Whether or not an algorithm for matrix products uses a nested for loop is actually irrelevant. Maybe the algorithm uses a recursive function. Maybe it uses some efficient but counter-intuitive hack, like DOOM's function for inverse squares. It doesn't really matter, and it's silly that this small ambiguity derailed the majority of the discussion.

It turns out that my understanding was mostly (completely?) right. GPUs are better for matrix math, but only for very large matrices.

And my question was thoroughly answered. FFT is much faster than O(n^3). I highly recommend that you read the answer and its comments by @datenwolf


Solution

  • I figured out how a much simpler…

    Well, you just described convolution in terms of matrix-matrix multiplication. Yes this works. But it's expensive and numerically unstable because it accumulates a lot of floating point rounding errors.

    So why don't programmers use matrix multiplication to interpolate matrices?

    Because it's inefficient. Matrix multiplication has complexity 𝓞(N³).

    A far more efficient, and at the same time also "perfect" (in the sense of signal processing) method is to perform a forward Fast Fourier Transform, complexity 𝓞(N·log(N)), zero pad the spectrum to the desired output resolution, and perform the inverse FFT on that, again complexity 𝓞(N·log(N)), so the total complexity is 𝓞(2(N·log(N))). Constant factors are omitted in Big-𝓞 notation, so the complexity is 𝓞(N·log(N)).
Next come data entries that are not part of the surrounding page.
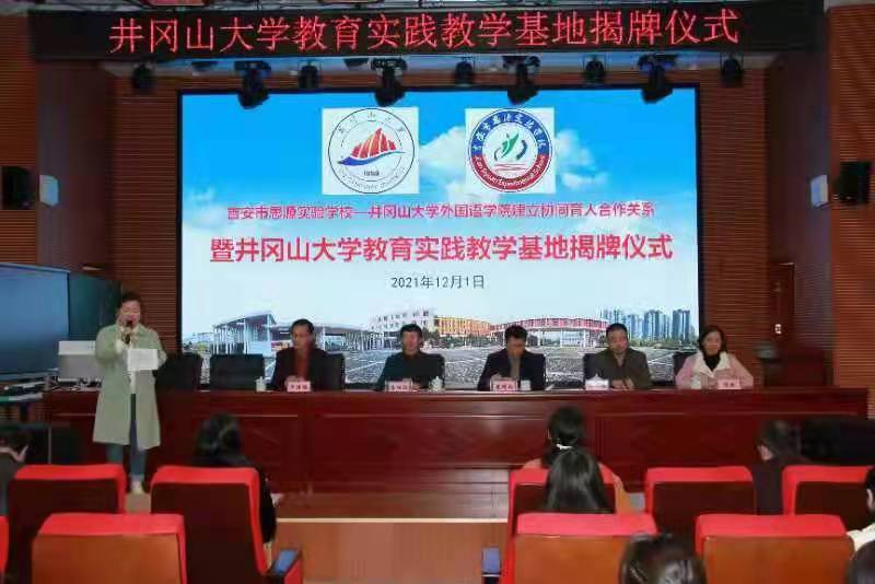 签约仪式上,袁邦株院长首先感谢吉安市思源实验学校对我院师范生培养的大力支持,简要介绍了我院基本情况,尤其是英语专业在人才培养、科学研究、社会服务和文化传承等取得的成绩,并对未来双方的合作充满了期待。他指出,教育实习是师范生培养中的重要一环,此次签约是外国语学院与深入思源实验学校推进务实合作走出的更为坚实的一步,也是深入师范生人才培养改革,促进师范生成长在重要举措。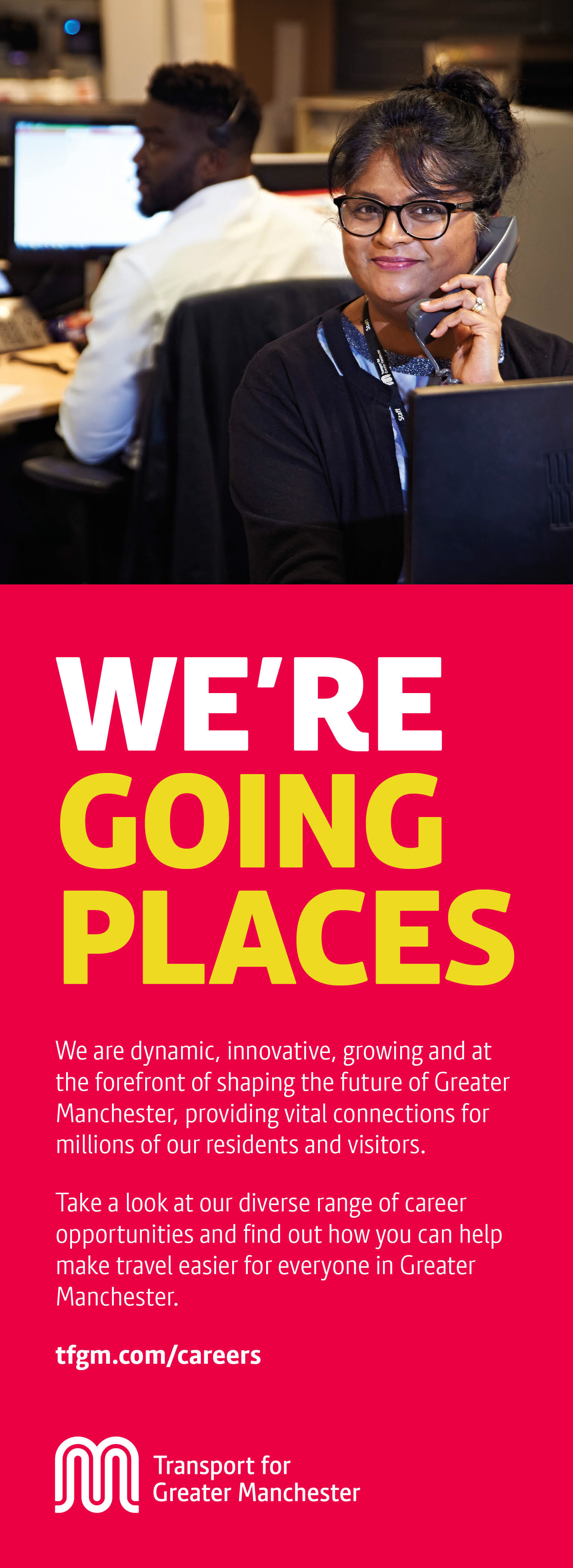 From Route 1 they loved the creative headline which was a play on words with what the organisation is all about, as well as the use of the striking photography showing the mix of roles. From Route 2 they liked the use of colour that showed the diverse nature of the work and roles at TfGM but also reflected the diversity in the current and future workforce.
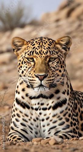 © Supri, Fototapeta premium Leopard lying on rocky terrain outdoors.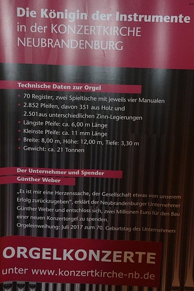 Besonders erwähnenswert ist auch die kulturelle Szene in der Stadt. Neben einem Schauspielhaus nimmt dabei die Konzertkirche, die ehem. Marienkirche, eine besondere Stellung ein. Die Umgestaltung des Innenraumes im Rahmen eines Architekturwettbewerbes brachte dem finnischen Architekten Pekka Salminen den 2. Preis in einem Weltarchitekturwettbewerb ein. Und das mit Recht. Davon konnten wir uns bei der Besichtigung überzeugen. Der Saal zeichnet sich besonders durch seine exzellente Akustik aus. Die Orgel, die von Fa. Schuke aus Potsdam erbaut worden ist, fügt sich sehenswert in die Architektur des Saales ein. Das Objekt wird regelmäßig für Konzerte von Rock bis Klassik genutzt, die immer ein besonderes Erlebnis für die Gäste sind.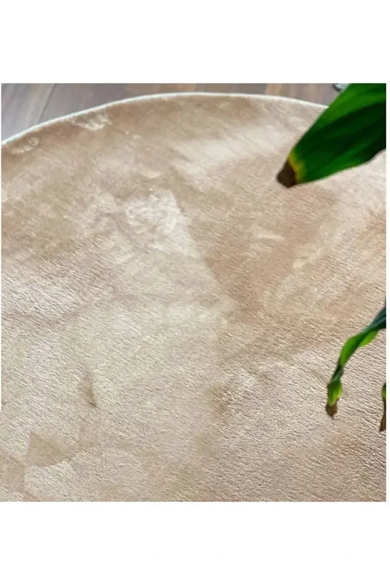 Бежевый Плюшевый Ковер: Моющийся, с Нескользящей Основой, Круглый, Роскошный Ковер Рашель

    The underlying math of this is the Convolution theorem.

    This is far, far, FAR better than the 𝓞(N³) of matrix multiplication. So that's your reason why we don't use matrix multiplication right there.
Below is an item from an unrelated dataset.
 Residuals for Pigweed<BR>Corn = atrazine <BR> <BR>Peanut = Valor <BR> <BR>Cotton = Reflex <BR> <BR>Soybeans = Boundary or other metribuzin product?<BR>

    If you do a simple zero-pad you're doing interpolation with a sin(x)/x kernel. But by multiplying the spectrum with the spectrum of a different interpolation kernel you can implement any kind of interpolation you desire this way.

    houldn't graphics cards make this a blazing fast calculation when compared to nested for loops?

    GPUs have linear interpolators built in, as part of their texture sampler units hardware, which will outperform any software implementation.